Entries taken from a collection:
- Opening Delimiter -

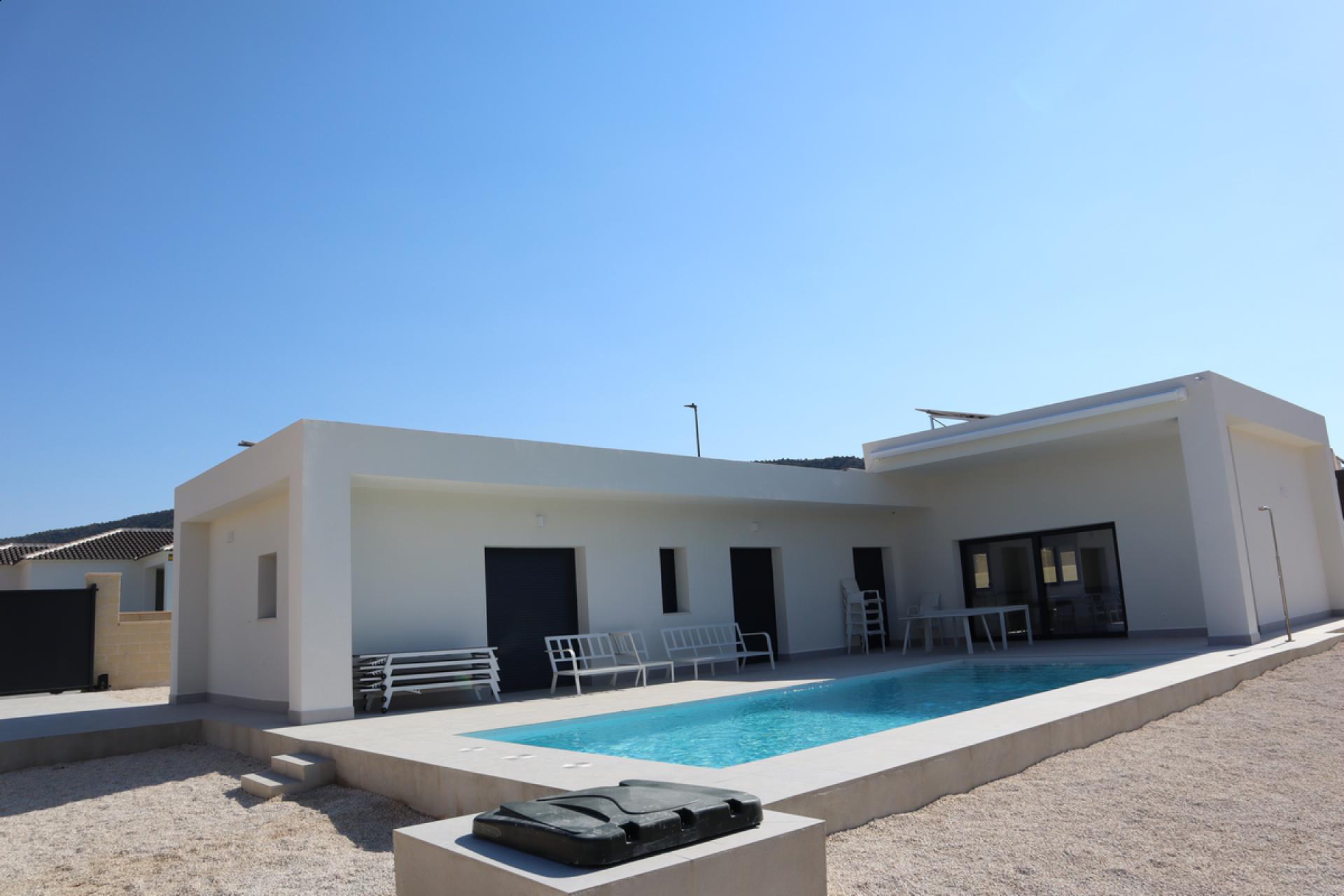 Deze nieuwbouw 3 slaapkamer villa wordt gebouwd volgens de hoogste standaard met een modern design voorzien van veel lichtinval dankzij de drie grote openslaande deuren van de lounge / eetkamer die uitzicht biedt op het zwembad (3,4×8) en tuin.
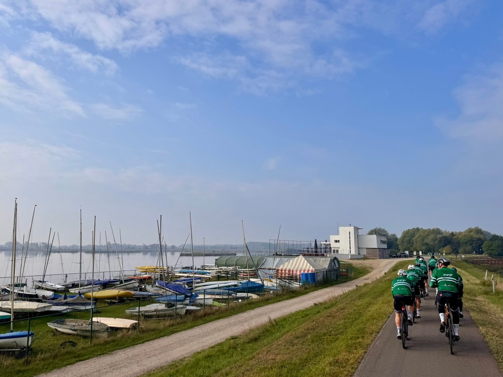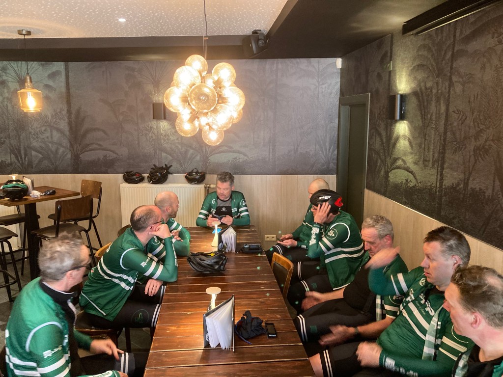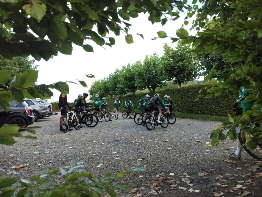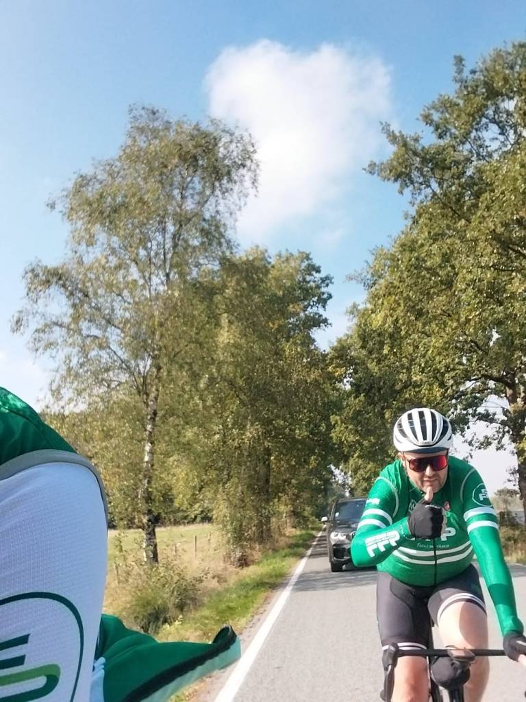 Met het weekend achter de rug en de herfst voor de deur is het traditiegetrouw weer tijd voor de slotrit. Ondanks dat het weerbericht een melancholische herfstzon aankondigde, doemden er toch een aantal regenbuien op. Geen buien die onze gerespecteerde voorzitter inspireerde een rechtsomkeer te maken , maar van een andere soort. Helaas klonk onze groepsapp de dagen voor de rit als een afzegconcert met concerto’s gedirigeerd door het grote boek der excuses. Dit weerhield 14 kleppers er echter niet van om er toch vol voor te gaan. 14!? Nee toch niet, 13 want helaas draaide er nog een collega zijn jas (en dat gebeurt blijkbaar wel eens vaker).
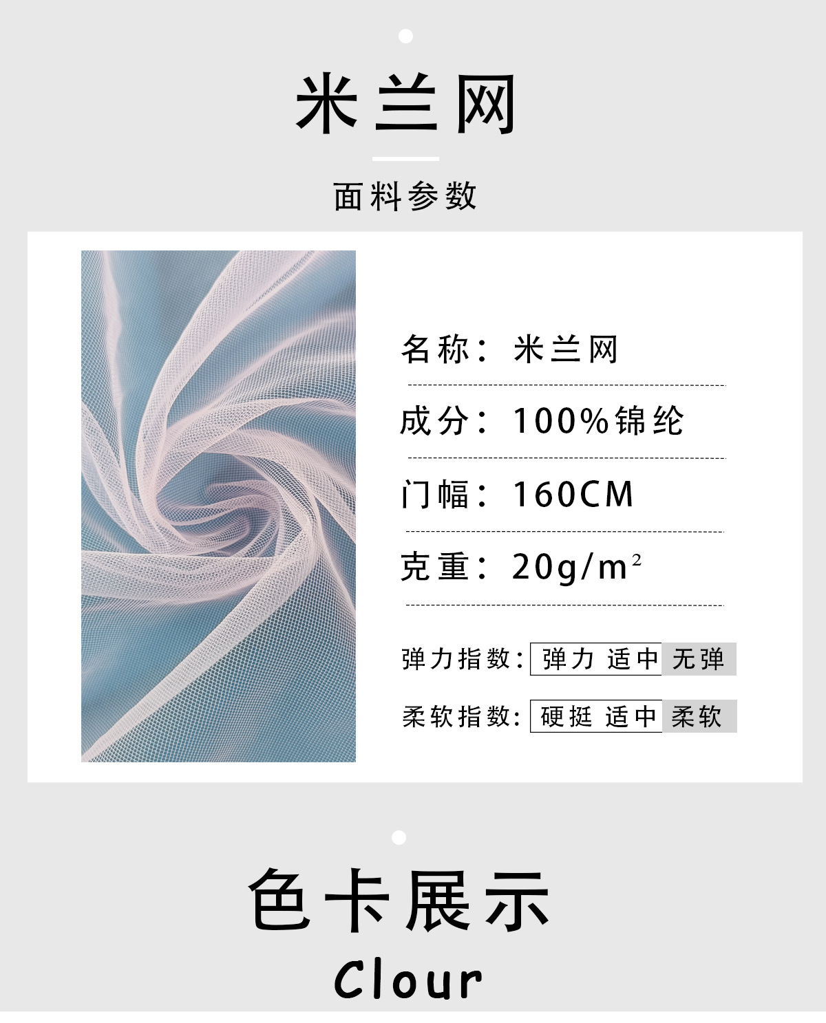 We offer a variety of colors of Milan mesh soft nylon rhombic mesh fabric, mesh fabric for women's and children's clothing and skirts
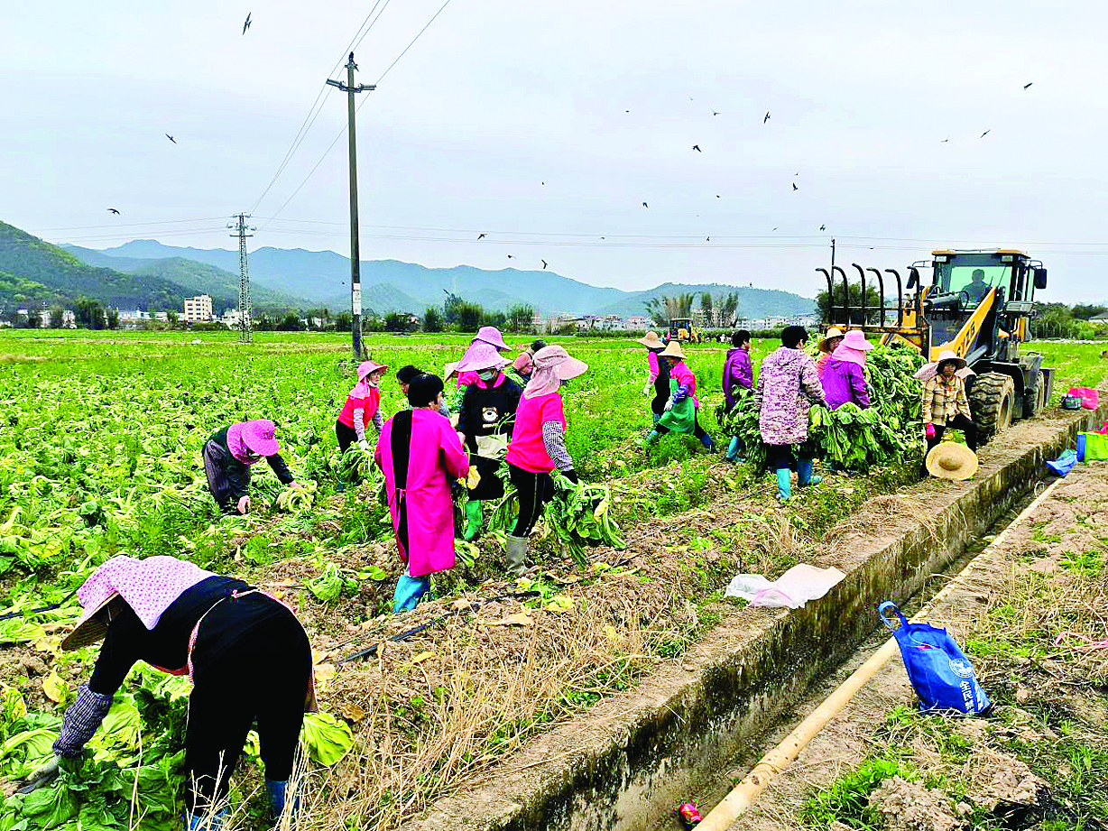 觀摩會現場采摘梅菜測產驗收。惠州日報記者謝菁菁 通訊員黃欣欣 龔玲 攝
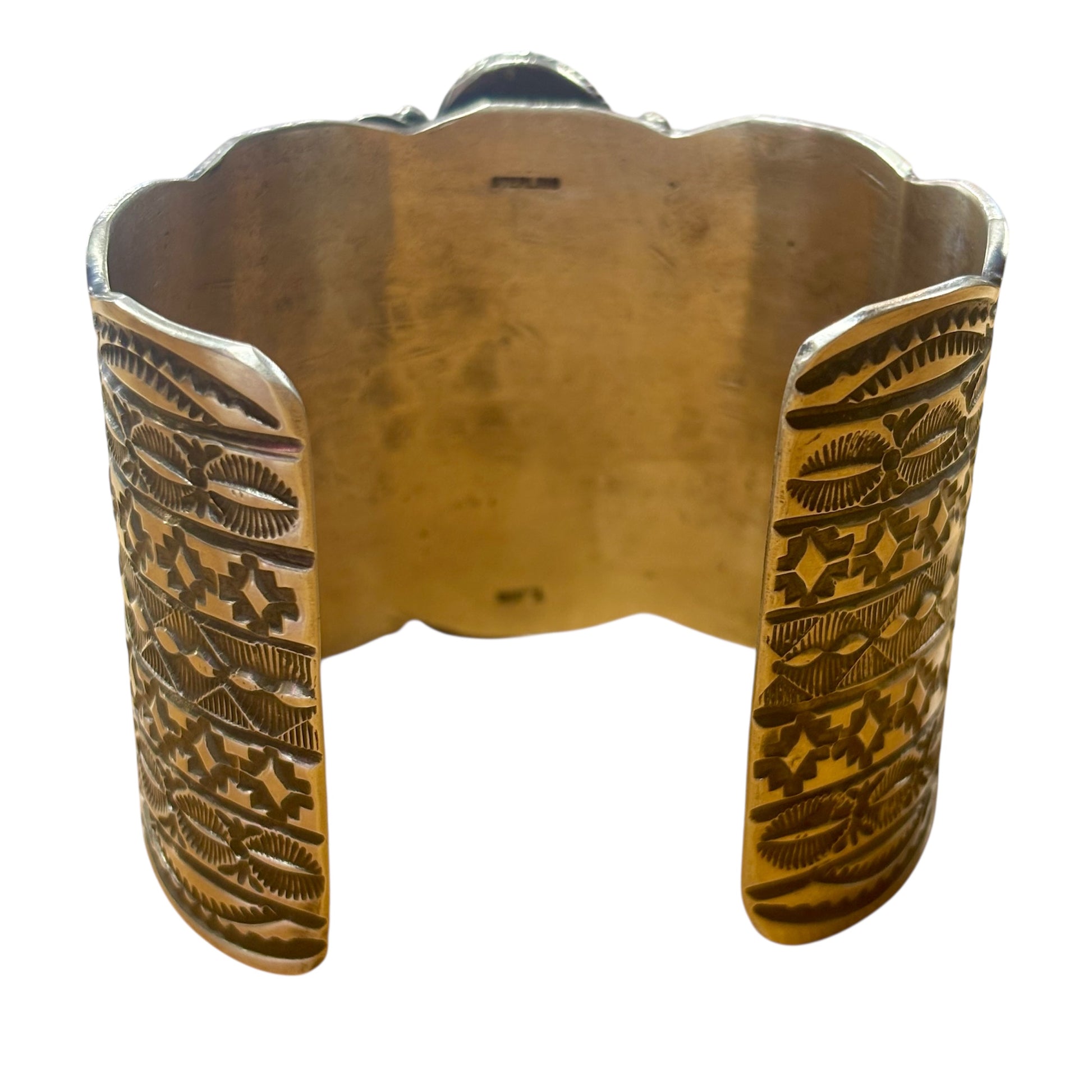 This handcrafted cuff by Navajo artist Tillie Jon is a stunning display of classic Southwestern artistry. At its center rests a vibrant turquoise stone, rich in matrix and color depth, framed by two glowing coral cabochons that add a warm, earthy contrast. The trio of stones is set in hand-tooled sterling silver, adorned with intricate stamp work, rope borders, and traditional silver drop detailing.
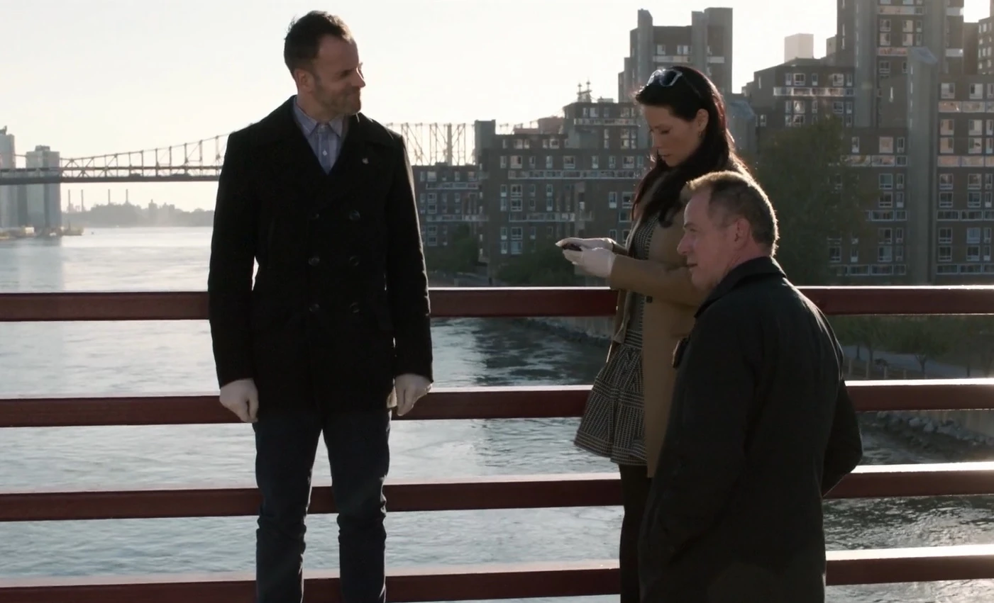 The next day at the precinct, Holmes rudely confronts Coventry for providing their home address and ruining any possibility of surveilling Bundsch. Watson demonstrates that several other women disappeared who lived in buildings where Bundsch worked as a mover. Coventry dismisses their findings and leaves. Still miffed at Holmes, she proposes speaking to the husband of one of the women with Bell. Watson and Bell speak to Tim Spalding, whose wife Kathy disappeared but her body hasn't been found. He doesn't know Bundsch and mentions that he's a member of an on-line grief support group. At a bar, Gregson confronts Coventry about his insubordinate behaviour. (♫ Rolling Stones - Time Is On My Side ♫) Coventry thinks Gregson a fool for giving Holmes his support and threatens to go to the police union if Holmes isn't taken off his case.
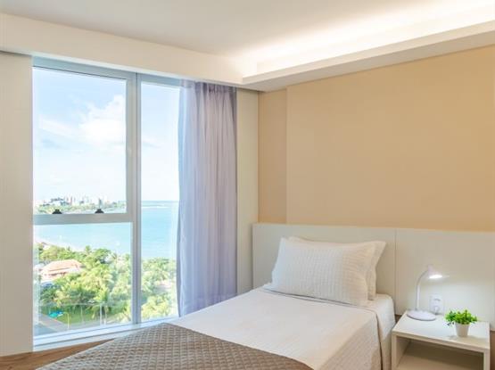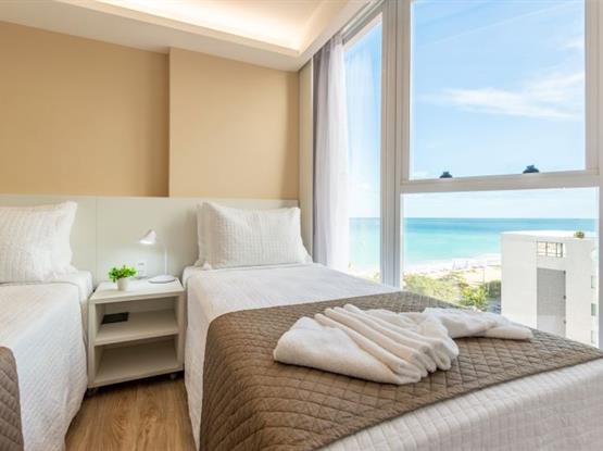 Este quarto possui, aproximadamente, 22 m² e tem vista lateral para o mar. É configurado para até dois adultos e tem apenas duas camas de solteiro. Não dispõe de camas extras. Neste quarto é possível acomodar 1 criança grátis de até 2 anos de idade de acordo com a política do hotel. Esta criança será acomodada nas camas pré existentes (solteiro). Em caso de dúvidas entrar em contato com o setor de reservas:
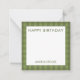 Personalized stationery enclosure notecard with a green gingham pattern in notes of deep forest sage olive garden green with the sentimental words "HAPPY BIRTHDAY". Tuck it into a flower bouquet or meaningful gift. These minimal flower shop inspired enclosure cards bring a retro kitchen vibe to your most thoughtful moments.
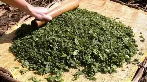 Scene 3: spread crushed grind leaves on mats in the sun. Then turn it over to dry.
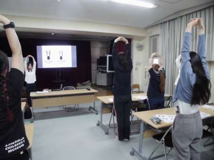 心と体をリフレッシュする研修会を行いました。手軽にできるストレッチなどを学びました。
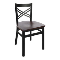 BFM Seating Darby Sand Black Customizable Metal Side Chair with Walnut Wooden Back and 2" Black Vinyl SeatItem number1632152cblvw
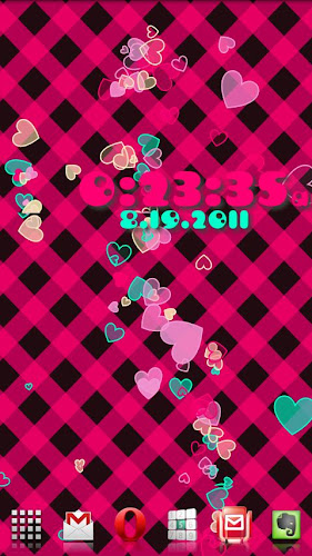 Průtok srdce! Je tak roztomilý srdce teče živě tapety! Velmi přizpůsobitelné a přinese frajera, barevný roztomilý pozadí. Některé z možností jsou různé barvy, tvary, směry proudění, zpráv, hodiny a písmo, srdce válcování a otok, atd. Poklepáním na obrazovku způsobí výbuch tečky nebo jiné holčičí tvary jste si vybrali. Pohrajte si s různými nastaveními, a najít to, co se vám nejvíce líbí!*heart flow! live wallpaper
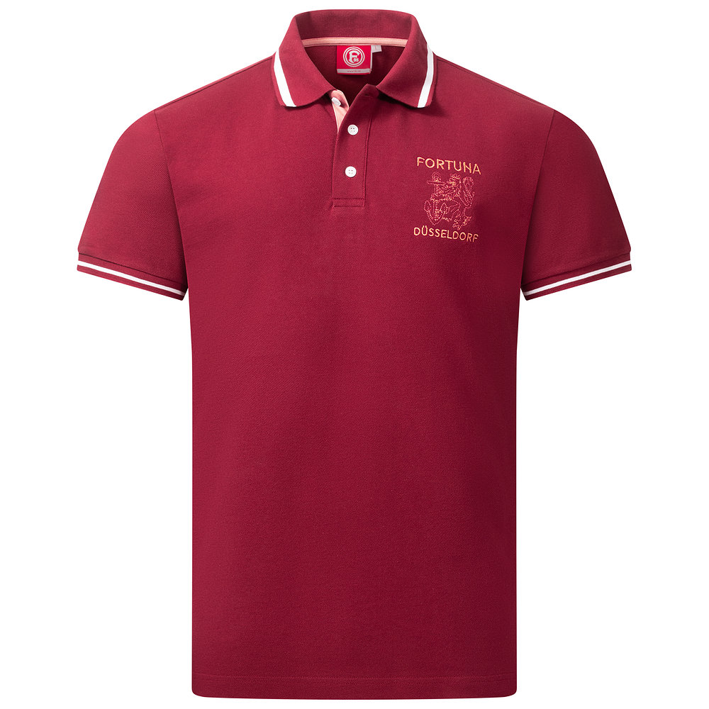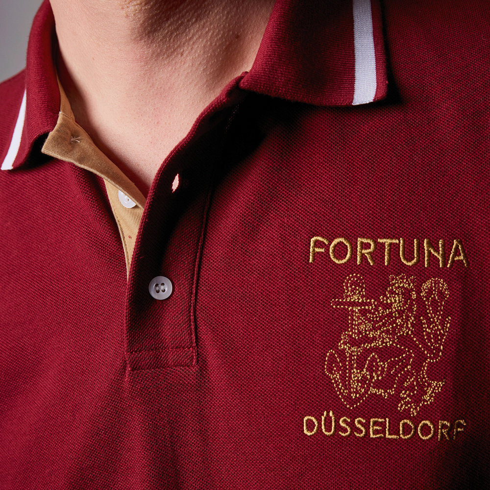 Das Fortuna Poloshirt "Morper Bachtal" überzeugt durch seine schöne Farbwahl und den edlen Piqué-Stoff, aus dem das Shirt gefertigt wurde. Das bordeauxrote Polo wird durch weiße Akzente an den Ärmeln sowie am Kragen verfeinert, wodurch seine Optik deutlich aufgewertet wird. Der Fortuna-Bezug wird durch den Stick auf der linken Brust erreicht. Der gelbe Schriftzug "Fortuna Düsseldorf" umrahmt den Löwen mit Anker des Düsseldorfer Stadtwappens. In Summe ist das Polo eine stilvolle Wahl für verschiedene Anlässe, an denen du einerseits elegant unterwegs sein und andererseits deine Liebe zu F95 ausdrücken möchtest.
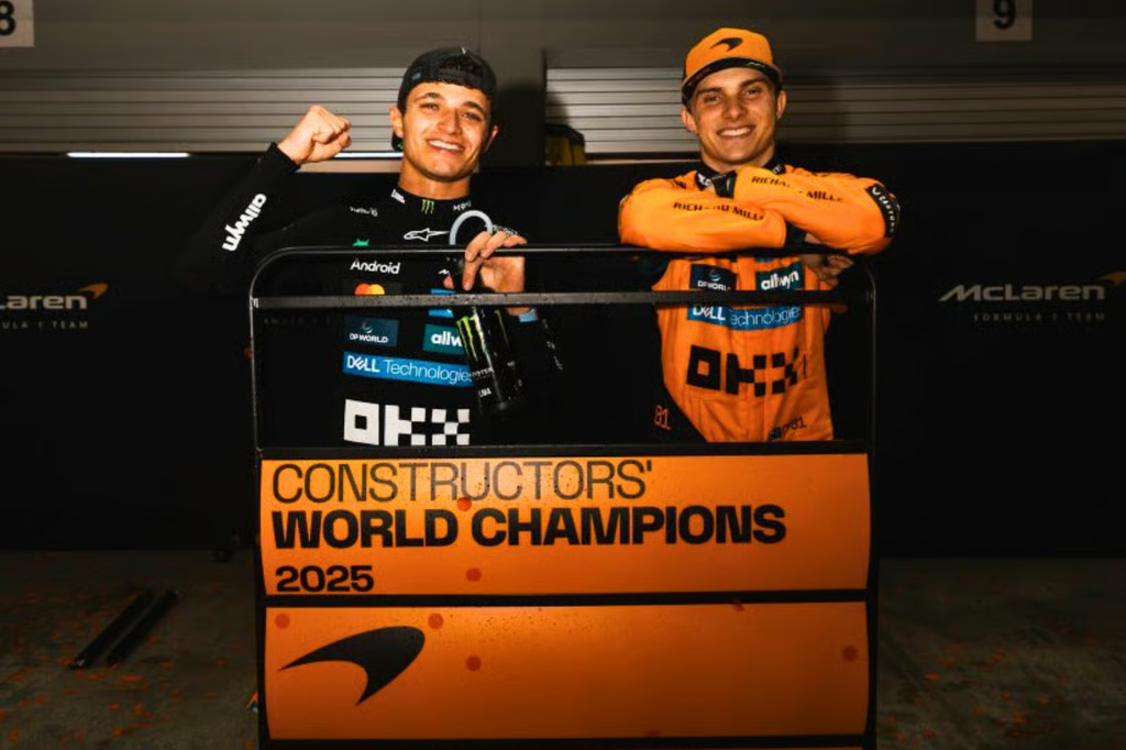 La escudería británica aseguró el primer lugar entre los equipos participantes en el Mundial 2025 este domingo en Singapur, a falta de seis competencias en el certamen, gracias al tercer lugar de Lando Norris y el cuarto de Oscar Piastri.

- Closing Delimiter -

● **Work task**:
Within these entries, output exactly the lines starting at the one with "BFM Seating Darby" and finishing at the one with "Průtok srdce! Je". Leave pictures out of the output.

● **Response to this task**:
 BFM Seating Darby Sand Black Customizable Metal Side Chair with Walnut Wooden Back and 2" Black Vinyl SeatItem number1632152cblvw
 Průtok srdce! Je tak roztomilý srdce teče živě tapety! Velmi přizpůsobitelné a přinese frajera, barevný roztomilý pozadí. Některé z možností jsou různé barvy, tvary, směry proudění, zpráv, hodiny a písmo, srdce válcování a otok, atd. Poklepáním na obrazovku způsobí výbuch tečky nebo jiné holčičí tvary jste si vybrali. Pohrajte si s různými nastaveními, a najít to, co se vám nejvíce líbí!*heart flow! live wallpaper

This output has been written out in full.